# Supplied information
------

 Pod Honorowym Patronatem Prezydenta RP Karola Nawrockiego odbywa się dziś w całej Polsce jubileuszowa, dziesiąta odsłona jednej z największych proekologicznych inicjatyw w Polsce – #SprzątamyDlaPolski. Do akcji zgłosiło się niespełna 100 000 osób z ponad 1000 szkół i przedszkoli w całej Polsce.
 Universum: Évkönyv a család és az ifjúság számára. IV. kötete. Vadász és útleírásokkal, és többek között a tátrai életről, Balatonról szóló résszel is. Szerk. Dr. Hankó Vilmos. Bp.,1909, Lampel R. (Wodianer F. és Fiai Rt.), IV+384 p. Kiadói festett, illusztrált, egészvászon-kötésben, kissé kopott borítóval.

------

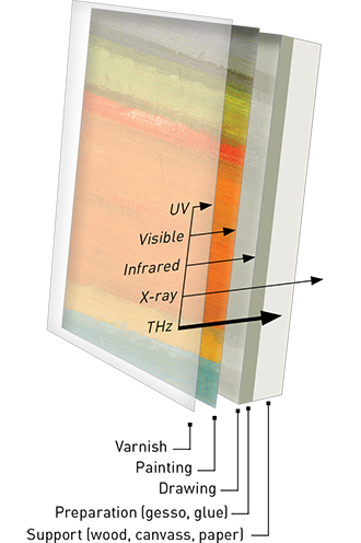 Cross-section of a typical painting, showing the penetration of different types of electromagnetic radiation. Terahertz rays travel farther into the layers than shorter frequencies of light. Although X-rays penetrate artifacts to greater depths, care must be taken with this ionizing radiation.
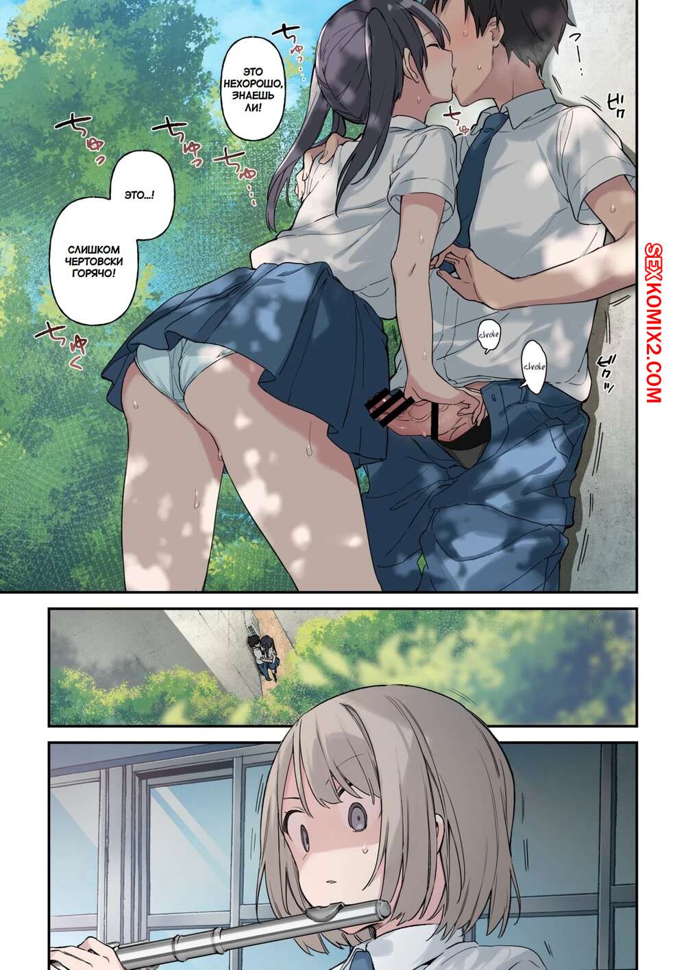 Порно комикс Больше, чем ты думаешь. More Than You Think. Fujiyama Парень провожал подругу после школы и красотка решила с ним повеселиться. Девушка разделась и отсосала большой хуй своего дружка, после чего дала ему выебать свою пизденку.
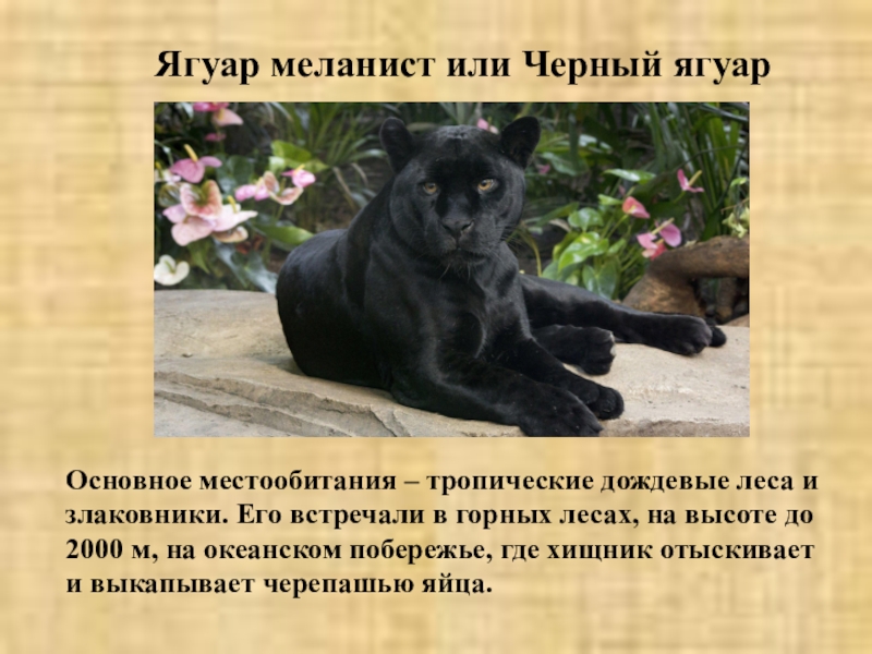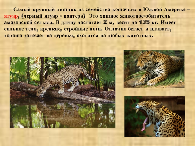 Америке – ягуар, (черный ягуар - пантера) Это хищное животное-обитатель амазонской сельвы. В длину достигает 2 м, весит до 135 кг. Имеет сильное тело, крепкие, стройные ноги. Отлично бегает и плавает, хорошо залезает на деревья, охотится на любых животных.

------

# Required work
In the listing above, find the line holding "Pod Honorowym Patronatem" and the line holding "Universum: Évkönyv a", then output those two lines and every line between them exactly.

# Result of the exercise
 Pod Honorowym Patronatem Prezydenta RP Karola Nawrockiego odbywa się dziś w całej Polsce jubileuszowa, dziesiąta odsłona jednej z największych proekologicznych inicjatyw w Polsce – #SprzątamyDlaPolski. Do akcji zgłosiło się niespełna 100 000 osób z ponad 1000 szkół i przedszkoli w całej Polsce.
 Universum: Évkönyv a család és az ifjúság számára. IV. kötete. Vadász és útleírásokkal, és többek között a tátrai életről, Balatonról szóló résszel is. Szerk. Dr. Hankó Vilmos. Bp.,1909, Lampel R. (Wodianer F. és Fiai Rt.), IV+384 p. Kiadói festett, illusztrált, egészvászon-kötésben, kissé kopott borítóval.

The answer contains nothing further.